SOURCE DATA =>

((

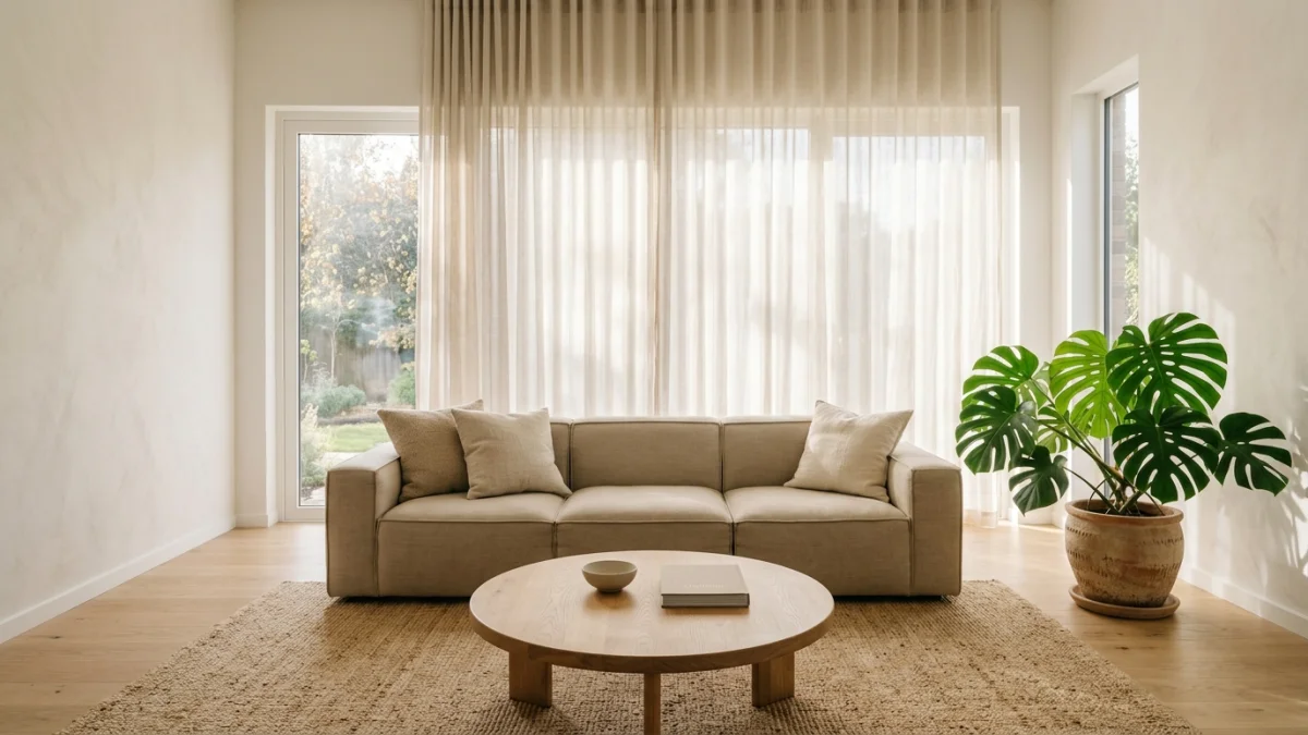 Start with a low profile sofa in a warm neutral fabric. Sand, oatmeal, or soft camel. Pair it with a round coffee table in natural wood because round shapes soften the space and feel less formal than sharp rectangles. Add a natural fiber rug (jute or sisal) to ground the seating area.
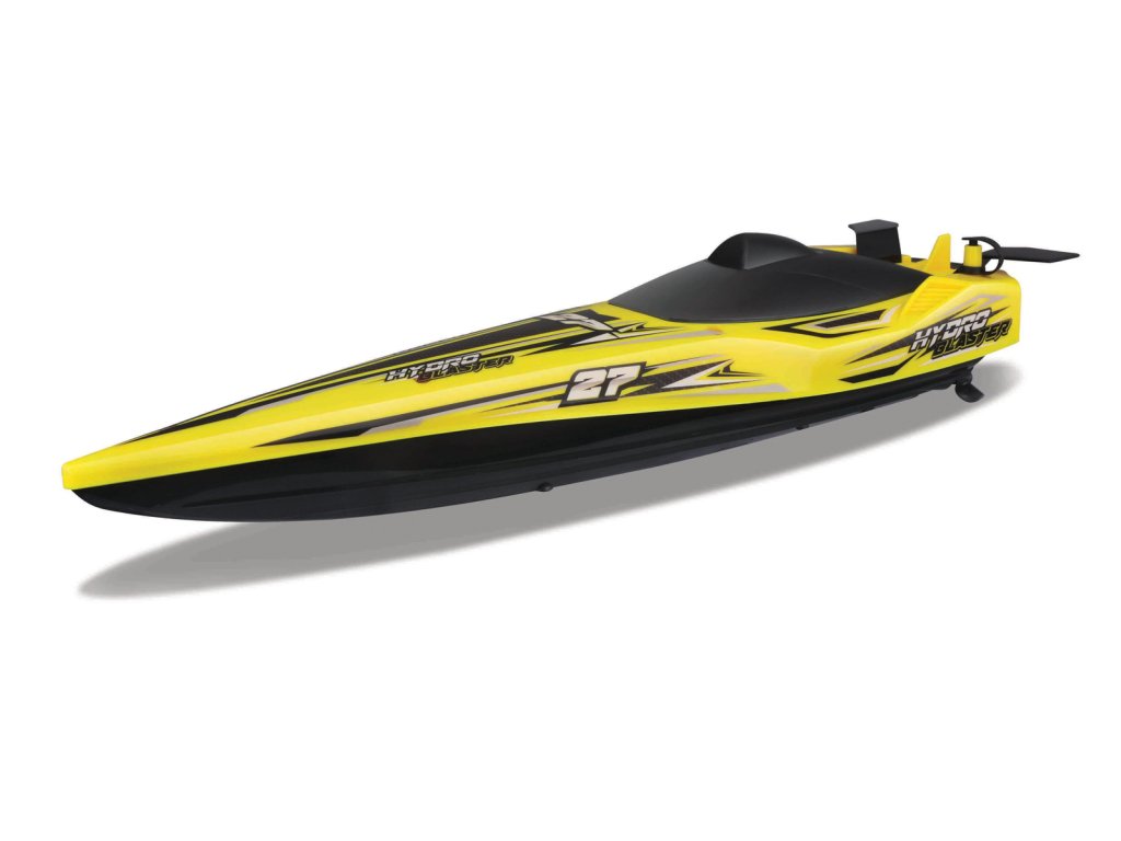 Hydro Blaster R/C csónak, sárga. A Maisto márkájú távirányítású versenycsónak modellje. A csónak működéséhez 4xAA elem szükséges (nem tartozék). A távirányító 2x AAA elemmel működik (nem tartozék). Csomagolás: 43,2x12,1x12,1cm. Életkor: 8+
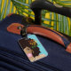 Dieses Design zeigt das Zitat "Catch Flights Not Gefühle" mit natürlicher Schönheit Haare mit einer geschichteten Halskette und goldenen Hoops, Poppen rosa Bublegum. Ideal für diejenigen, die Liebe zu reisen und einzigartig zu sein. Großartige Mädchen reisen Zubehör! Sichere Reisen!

))

TASK REQUIREMENTS => Word for word, write out the full listing, leaving the pictures aside.

OUTPUT OF THE EXERCISE =>
 Start with a low profile sofa in a warm neutral fabric. Sand, oatmeal, or soft camel. Pair it with a round coffee table in natural wood because round shapes soften the space and feel less formal than sharp rectangles. Add a natural fiber rug (jute or sisal) to ground the seating area.
 Hydro Blaster R/C csónak, sárga. A Maisto márkájú távirányítású versenycsónak modellje. A csónak működéséhez 4xAA elem szükséges (nem tartozék). A távirányító 2x AAA elemmel működik (nem tartozék). Csomagolás: 43,2x12,1x12,1cm. Életkor: 8+
 Dieses Design zeigt das Zitat "Catch Flights Not Gefühle" mit natürlicher Schönheit Haare mit einer geschichteten Halskette und goldenen Hoops, Poppen rosa Bublegum. Ideal für diejenigen, die Liebe zu reisen und einzigartig zu sein. Großartige Mädchen reisen Zubehör! Sichere Reisen!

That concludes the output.